As well as being incredibly mind-numbing, manually running bioinformatics tools is dangerous. What if you accidentally type 'Gasterosteus_aculeatus_CA_SNPs.vcf' instead of 'Gasterosteus_aculeatus_AC_SNPs.vcf', accidentally substituting your California population for your Atlantic Coast population? Or 'clean_reads.py expensive_dataset.fq > expensive_dataset.fq' instead of 'clean_reads.py expensive_dataset.fq > expensive_dataset.clean.fq'? There are *thousands* of ways you can accidentally screw up your analysis to either ruin your day or produce erroneous results.

Automation reduces the risk of stupid typos and other accidents.
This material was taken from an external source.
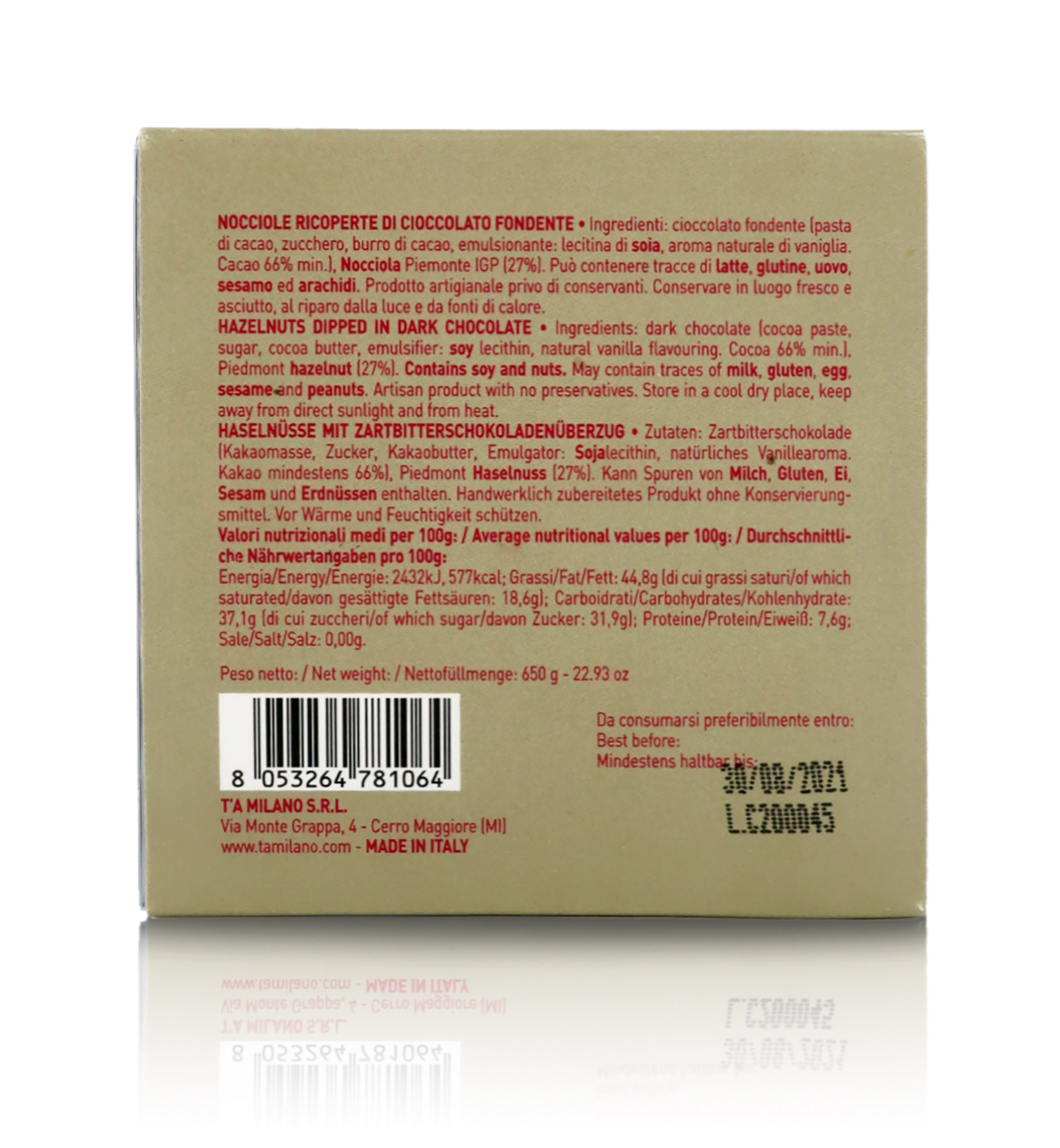 T'a Milano Dragées con Nocciola Piemonte IGP ricoperta di cioccolato fondente 66%, Praline con frutta secca - 650g

You won't forget to include mydata.part.14.bam in the analysis when you run **results = [analyse(data) for data in mydata]**.

**Parallelization**

Modern computers, even budget laptops, now have multiple processors, which means you can run several or even hundreds of analyses at once (if you have access to a supercomputing cluster)! Python provides a number of tools to help you manage these processes and make the most out of parallel computing.

---

## subprocess.check_output()
The easiest way to make system calls is with the __check_output()__ function in the __subprocess__ module

In [None]:
import subprocess as sp
 
output = sp.check_output('ls', shell=True)

print output
type (output)

Here, we used __subprocess.check_output()__ to run the command **ls**, and captured the output in the *output* variable.
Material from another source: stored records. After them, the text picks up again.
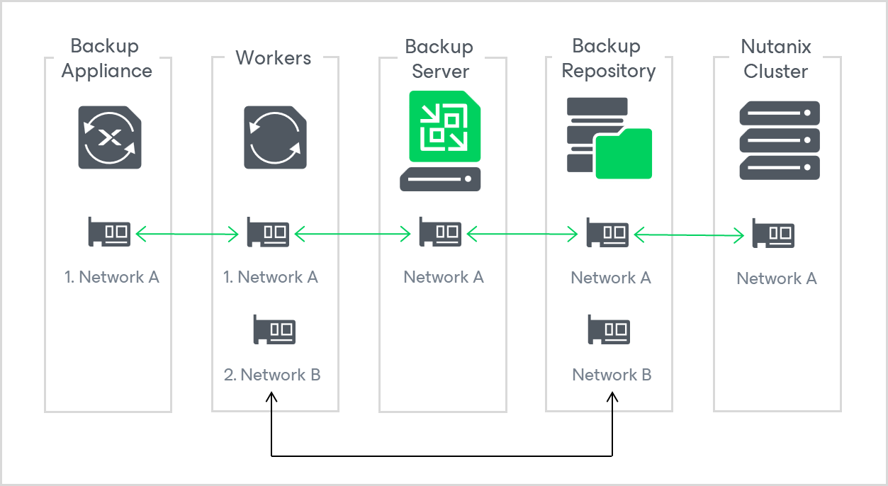 In this example, the backup appliance, all workers, the backup server, the repository and the Nutanix AHV cluster are connected to Network A, while the workers and the backup repository are also connected to Network B that is configured as a preferred network to deliver traffic to the backup repository. This configuration is valid since all backup infrastructure components are connected to the same network.
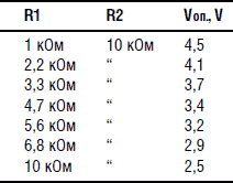 Таблица 5.1. Двухрезисторный делитель напряжения
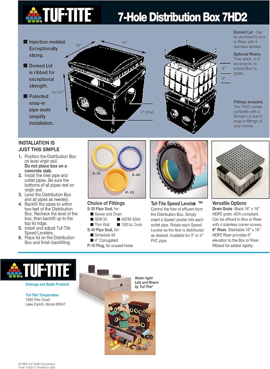 7HD2 7-Hole Distribution Box. Comes complete with a lid. Lid is 16" x 16"; Box is 14-1/2" tall; There is a 2" drop between inlet and outlets.

You'll notice that **check_output()** takes one mandatory argument: the command you want to run as you would type it into your terminal shell. The __shell__ keyword argument we will leave as __True__ for this tutorial. Without it, the process is created directly by the operating system, and any symbols or commands that the shell would recognize (e.g. spaces, ">", and "|") result in an error. Because spaces are a symbol recognized by the shell, when calling __call()__ without __shell=True__, the first argument should be a list of command line arguments that would be separated by spaces spaces on the terminal. So **ls -a -1 /home/james** would become **['ls', '-a', '-1', '/home/james']**.
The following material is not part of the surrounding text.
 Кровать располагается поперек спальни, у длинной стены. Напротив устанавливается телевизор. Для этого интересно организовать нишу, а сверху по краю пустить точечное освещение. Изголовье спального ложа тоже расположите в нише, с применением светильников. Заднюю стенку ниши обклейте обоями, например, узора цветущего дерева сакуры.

## Processing output a line at a time...

As you saw above, the variable __output__ contains a multi-line string. Well, that's all fine and good, but what if you want to loop over some output and take action on each line?

In [None]:
import subprocess as sp
 
output = sp.check_output('ls', shell=True)
output_list = output.rstrip().split('\n')
print output_list
for cur_line in output_list:
    print "Here's a line:",cur_line

### Redirecting Output to Files
Since we are using __shell=True__, you can redirect the output of a command to file exactly as you would on the terminal.

To demonstrate this, we will be asking Python to do something very meta: run another Python script! Here's the script we will be running, which should be saved in your 5.2 directory as 'test_output.py'.

In [None]:
#!/usr/bin/env python
print 'this is a test'
print 'this is only a test'

Remember that we can redirect the output of a command to a file with __>__.

In [None]:
import subprocess as sp

command = 'python test_output.py > out.txt'
output = sp.check_output(command, shell=True)
print output

This time there is no output to print, since we redirected it. Check 'out.txt' to make sure the output went where you expected it.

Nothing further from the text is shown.